Faut-il attribuer l'augmentation du nombre de cancers à notre alimentation ?
Le nombre de cancers augmente dans notre pays, faut-il attribuer cette augmentation à notre alimentation, entre autres ?
Les réponses avec le Pr Jean-François Narbonne, toxicologue et chercheur au CNRS et avec le Dr Lylian Le Goff, spécialiste en santé environnementale :
"Il y a eu un pic de pollution monstrueux dans les années 70. Pendant les Trente Glorieuses, on a pollué en sacrifiant l'environnement et notre qualité pour le plein emploi et le développement économique. Et on a donc eu un impact pendant 20 ans. De 1980 à 2000 on a eu une explosion des cancers mais aussi d'autres maladies en particulier l'obésité, le diabète... Aujourd'hui, pour les cancers, statistiquement on a eu un plateau à partir de 2000. Le gros problème c'est que l'on ne peut pas attribuer les maladies d'aujourd'hui aux polluants d'aujourd'hui car on a un décalage dans le temps. On a aujourd'hui diminué drastiquement la pollution parce que l'on a des normes, des agences de contrôle… On a une alimentation aujourd'hui qui est donc beaucoup moins polluée qu'elle ne l'était dans le passé, ce qui ne veut pas non plus dire qu'elle est absente de pollution.

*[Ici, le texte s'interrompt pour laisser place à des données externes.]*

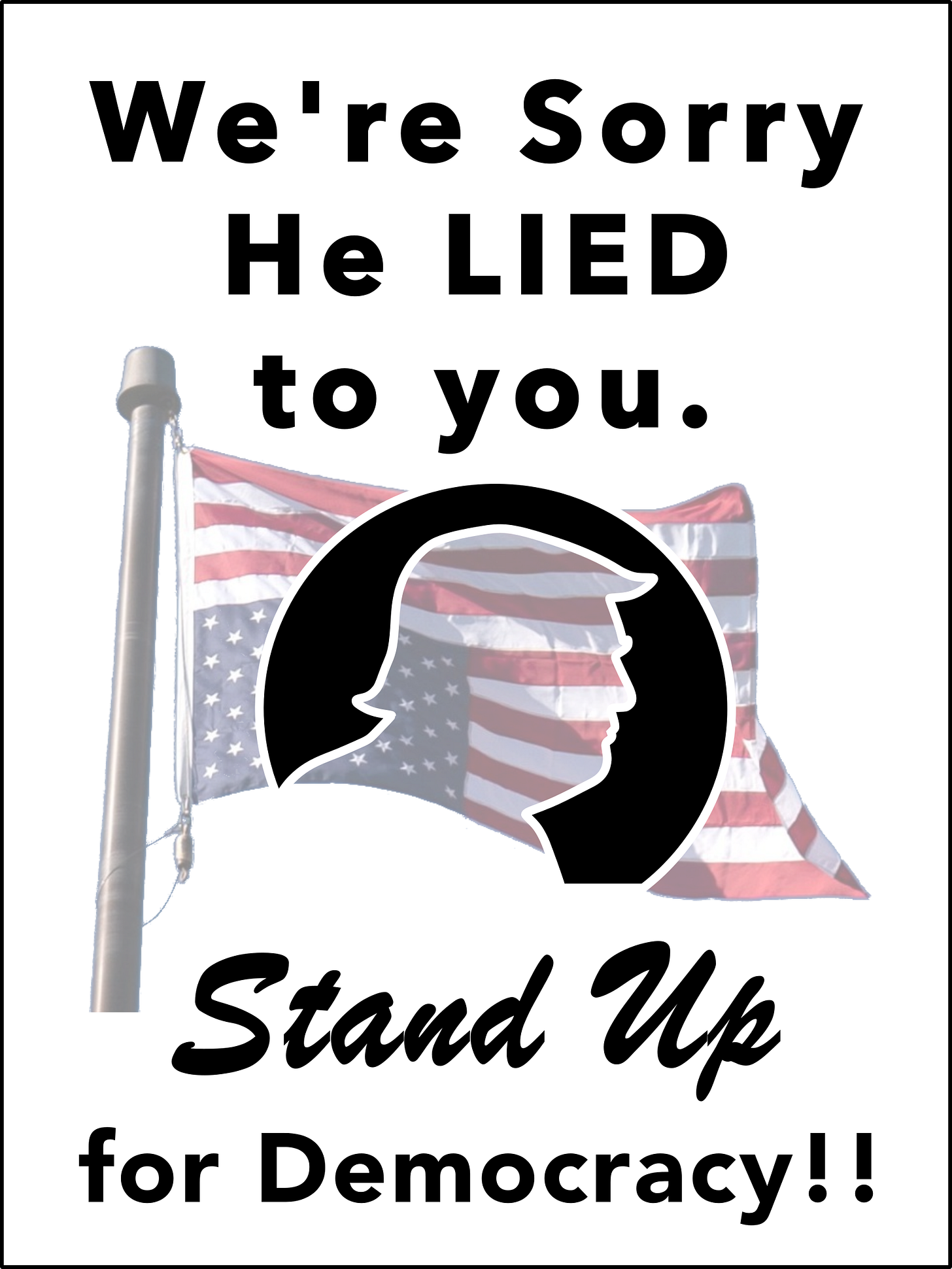 SIGN: “We're Sorry He LIED To You - Stand UP for Democracy!” 18”x24” portrait orientation. CLICK HERE to download the full size files.
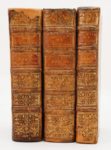 [BRIANSON (Robert de)]. L'Etat de la Provence, contenant ce qu'il y a de plus remarquable dans la Police, dans la Justice, dans l'Eglise et dans la Noblesse de cette province, avec les armes de chaque famille. Par M. l'Abbé R.D.B. Paris, Auboin, Emery, Clousier, 1693. 3 volumes in-12, basane fauve, dos à nerfs ornés, tranches rouges (reliure de l'époque). Rare contrefaçon avec l'intitulé de chaque page en italique au lieu d'être en petites capitales. Elle est illustrée de 26 planches d'armoiries hors-texte. Restaurations aux reliures. (Barbier II, 295).
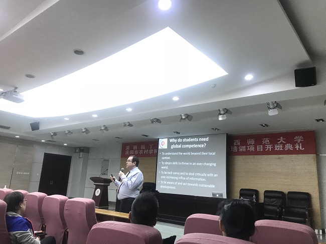 讲座伊始,来自best365官方网站登录入口的副院长孙坚为来自全国各地的老师及学生介绍了best365官方网站登录入口的基本情况,并对布恩教授的来访表示热烈的欢迎。布恩教授通过互动的方式开始了他的演讲。布恩教授首先解释了整体能力包含的四个领域以及学生需要发展这种能力的原因。接下来,他为大家分享了应用于教学过程中的形式多样的课堂活动,并积极和老师同学们互动,模拟各种形式的活动。现场气氛活跃,老师和同学们对布恩教授所设计的活动表现出极大的兴趣。最后,几位老师向布恩教授提出问题,布恩教授对此做出具体解释。

"Il y a encore beaucoup de travail à réaliser. Ceci dit certains cancers continuent à augmenter et d'autre part, si on met souvent l'alimentation en cause, il existe aussi d'autres facteurs. On peut citer l'air intérieur, l'air des villes... Parce que l'alimentation a le plus été étudiée du fait qu'elle était contrôlée par la répression des fraudes, les services vétérinaires... et donc elle a été mieux connue. C'est la raison pour laquelle on met souvent l'accent sur l'alimentation alors qu'il existe d'autres facteurs de pollution.
"Si l'alimentation n'est pas notre seul vecteur de toxiques, il s'agit de notre seul vecteur protecteur d'où le fait de lutter de manière très forte pour la qualité de l'alimentation qui a été fortement dégradée par l'agriculture productiviste."
"Parmi les cancers qui ont le plus explosés, il y a les cancers dits hormono-dépendants donc favorisés par des polluants qui ont une activité hormonale de type œstrogènes parmi lesquels de nombreux pesticides. Mais il y a aussi des polluants que l'on trouve dans les emballages alimentaires plastiques et notamment à l'intérieur des boîtes de conserve avec les phtalates et le bisphénol A qui sont reprotoxiques. Ils perturbent les métabolismes endocriniens, essentiellement la fertilité. Mais cela interfère aussi sur certains cancers (cancer de la prostate, cancer du sein, cancer de l'utérus…) qui sont parmi les plus en expansion. Et parmi les facteurs de risque il y a aussi la manière de cuisiner, car il y a des modes de cuisson très agressifs qui peuvent être cancerigènes."